If the debates do take place they will be almost unwatchable when more than two leaders are involved. The last ones were dull and unavoidably formulaic with three. Only the novelty sustained interest. Debates with Cameron and Miliband alone could work well as the duo would have space to breathe, develop arguments and reveal, perhaps inadvertently, more about who they are.

When there are more than three participants, such potential insights become impossible. The events would be tediously one-dimensional, old assertions repeated one more time on an overcrowded stage. “You will put up taxes.” “You will take us back to the 1930s.” “No I won’t... and name me a big spending cut you would make to reduce the deficit.” “Let’s pull out of Europe.” “Let’s not.” “The Greens are the only ones worried about climate change.” “No, I worry too”. “Scotland’s being shafted.” “No, it’s not.” Thank you and good night. Crowded debates would be much worse than having no debates at all.

There is, though, another way in which form will matter hugely in the coming election and it is far away from a national TV studio. In an election that is as closely fought as this one and without a single distinct national trend, the battles at a local level are the ones that matter – the hard, unglamorous grind of campaigning in constituencies.

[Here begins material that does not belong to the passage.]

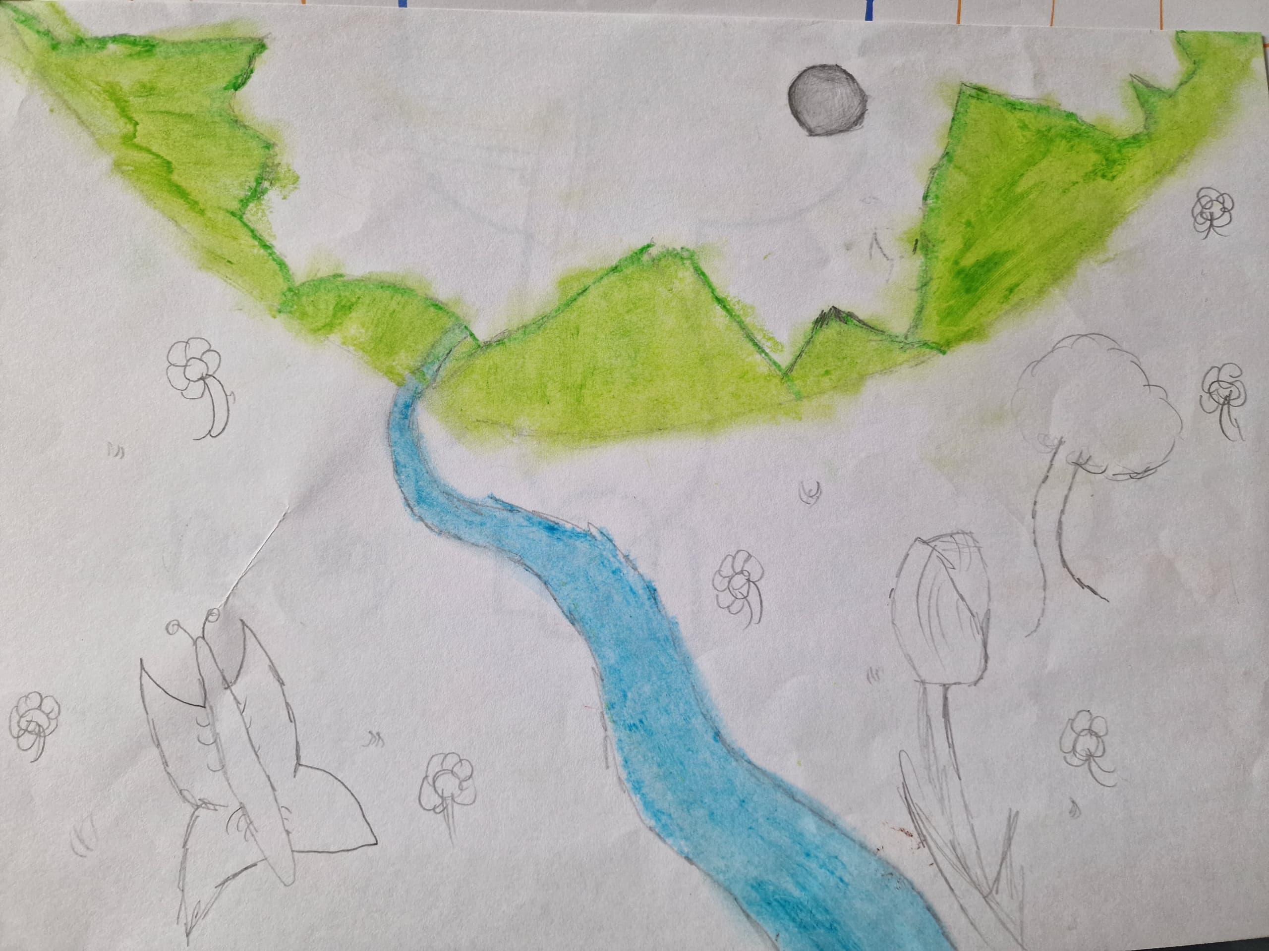 I’ve also included lots of species found in the area such as :buff tailed bumblebee, ladybird, scabious, oxeye daisy, birds foot trefoil, poppy, native daffodils (paler with a twist in the petal), native bluebell, peacock butterfly, common blue butterfly and small heath, also a grey heron (a common site on the river). It’s good to be nerdy about this stuff and make sure I get it right.

There was some evidence that resources used well in individual seats made a decisive difference in 2010. A model for Labour is the contest in Birmingham Edgbaston in 2010, held by their candidate, Gisela Stuart, when the Conservatives would have won with a tiny swing. Round-the-clock hard work, contact with many voters in every possible form and getting their supporters out on polling day were factors in what was a well resourced local campaign. The other parties scrutinise similar local successes, seeking to learn lessons fast and to apply them in target seats.

The lessons are not obvious. For many years leaders and their strategists have focused largely on the national campaigns – the advertising, the messages for the national media, the interviews and, last time, the televised debates. The techniques of modern national campaigns are well known – the artistry required of a national leader who hopes to connect with the electorate, the methods of dealing with a media still gripped by the need to “catch out” interviewees, the way to use social media in order to bypass biased newspapers.

There are a mountain of experts, some of them a lot better than others, who claim to be specialists in winning national campaigns and how to perform in the media. The local campaign is more of a challenge. Do voters read leaflets? Is Twitter an effective local medium? Do local newspapers still matter? Do as many listen to local radio as the unreliably collated audience figures suggest?

There have been old-fashioned national campaigns in the recent past, such as John Major preaching on his soapbox in 1992. But this election will be old-fashioned in a different sense. For all the focus on modern campaigning, the expensive importing of President Obama’s advisers and the rest, this will be a contest decided by what happens on the ground in different constituencies almost irrespective of the national battle. There will be no uniform national swing, but a hundred different swings.

We know what all the parties are proposing in terms of policy and if there are televised debates we will find out all over again. We do not know which ones will be most effective on the ground. The ones that are will flourish in May.